Expelled is a film that says there are two possible answers to the question of existence and one of those possible answers has been unfairly and illogically excluded from consideration.

From here the film spends a great deal of time talking about what has happened to those that give ID a fair shake (even mentioning ID in a way that doesn’t criticize it can get you fired), how ID is misrepresented by its enemies (Creationism in disguise… an attempt to get prayer back into the classroom), how worldview seems to precede science rather than the other way, and, in the end, what really may be at war here isn’t science vs. science but atheism and religion. That this whole argument is about worldview.

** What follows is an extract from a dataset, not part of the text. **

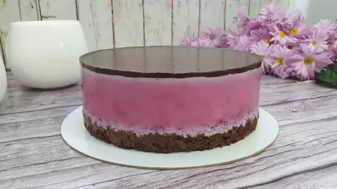 Для шоколадного слоя желатин следует также замочить и подготовить. В теплое молоко добавить какао и подсластитель, тщательно перемешать, чтобы избежать комков. Все соединить с желатином и вылить поверх застывшего мусса. Десерт убирают в холодильник минимум на 4 часа. После этого остаётся лишь аккуратно снять кольцо и ацетатную пленку, нарезать торт на порции и наслаждаться вкусом!

Stein shows that while not all Darwinists are atheists - a great many are. Or become shortly after embracing Darwinism.

Stein then takes a trip into history to see what kind of worldview a Darwinist perspective would create and he comes to Nazism. He’s quick to point out that not all Darwinists are Nazis, but that Darwinism was a foundational pillar of the Third Reich. And while Nazism wasn’t embraced in the West, eugenics certainly was. In fact, the founder of Planned Parenthood was a prominent supporter of eugenics. And it is also amongst Darwinists you find the loudest supporters euthanasia.

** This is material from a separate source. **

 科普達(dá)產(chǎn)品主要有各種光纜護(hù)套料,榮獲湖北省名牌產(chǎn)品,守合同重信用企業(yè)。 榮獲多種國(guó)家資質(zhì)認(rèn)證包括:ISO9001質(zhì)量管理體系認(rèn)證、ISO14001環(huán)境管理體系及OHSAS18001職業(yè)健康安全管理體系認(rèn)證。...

Stein visited Dachau and I must say it was at this point I began to cry. I visited that place. I saw what he saw, learned what he learned, and stepped where he stepped. If I may interject my opinion here - I see no reason, not one, to make me think the horrors of the Holocaust cannot be revisited upon humanity again if the Darwinistic, atheistic, worldview takes hold of a nation once more. Darwinism tells us a life is worth no more than what it can contribute and/or what we say it’s worth. We already know we have it within ourselves to say a race of people isn’t worth allowing to live. We already know we have it within ourselves to say the physically and mentally handicapped are worth allowing to live. What do we have that will ensure it will not happen again? That a force won’t rise up and say, “These people are keeping us back! These people are why we are weak!”

If you’ve already decided these issues for yourself then there’s nothing you can get out of Expelled. In fact, I’ll tell you I got little out of Expelled because I spend a lot of time looking at these issues. Expelled didn’t show me anything I didn’t already know.

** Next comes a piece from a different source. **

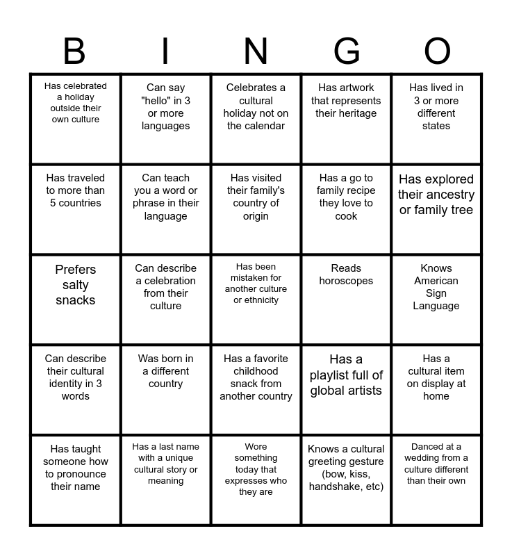 This bingo card has 25 words: Was born in a different country, Wore something today that expresses who they are, Has visited their family's country of origin, Has taught someone how to pronounce their name, Has lived in 3 or more different states, Has celebrated a holiday outside their own culture, Has traveled to more than 5 countries, Can say "hello" in 3 or more languages, Reads horoscopes, Has a favorite childhood snack from another country, Has a go to family recipe they love to cook, Prefers salty snacks, Has a playlist full of global artists, Has a cultural item on display at home, Can teach you a word or phrase in their language, Danced at a wedding from a culture different than their own, Knows American Sign Language, Celebrates a cultural holiday not on the calendar, Has explored their ancestry or family tree, Can describe a celebration from their culture, Has been mistaken for another culture or ethnicity, Has a last name with a unique cultural story or meaning, Can describe their cultural identity in 3 words, Has artwork that represents their heritage and Knows a cultural greeting gesture (bow, kiss, handshake, etc).

But, if you’re undecided on this debate, if you’re open-minded, I highly suggest seeing it. It won’t make your mind up for you, and it shouldn’t, but it may expose you to things you don’t see in this argument because one side has a virtual monopoly of the stage.

I come back, in the end, to what I said the film is. Expelled is a film that says there are two possible answers to the question of existence and one of those possible answers has been unfairly and illogically excluded from consideration.

And before you dismiss intelligent design out of hand, consider that there are thousands of scientists the world over that disagree with you. I’m not saying they’re right. But if there are only two possible answers to a question shouldn’t both answers be heard and the decision as to who is right be left up to us, the people?

Or are we not smart enough to make that call?

NOTE:  I disabled comments because I’ve seen comments to a topic like this degenerate into a wasteland too often.  If you think ID is worthless tripe, or Darwinian evolution is full of more holes than swiss cheese, I don’t care.  This piece wasn’t about debating the merits of either positions but rather the documentary itself.  And I know in my heart of hearts precious little time would be spent talking about it.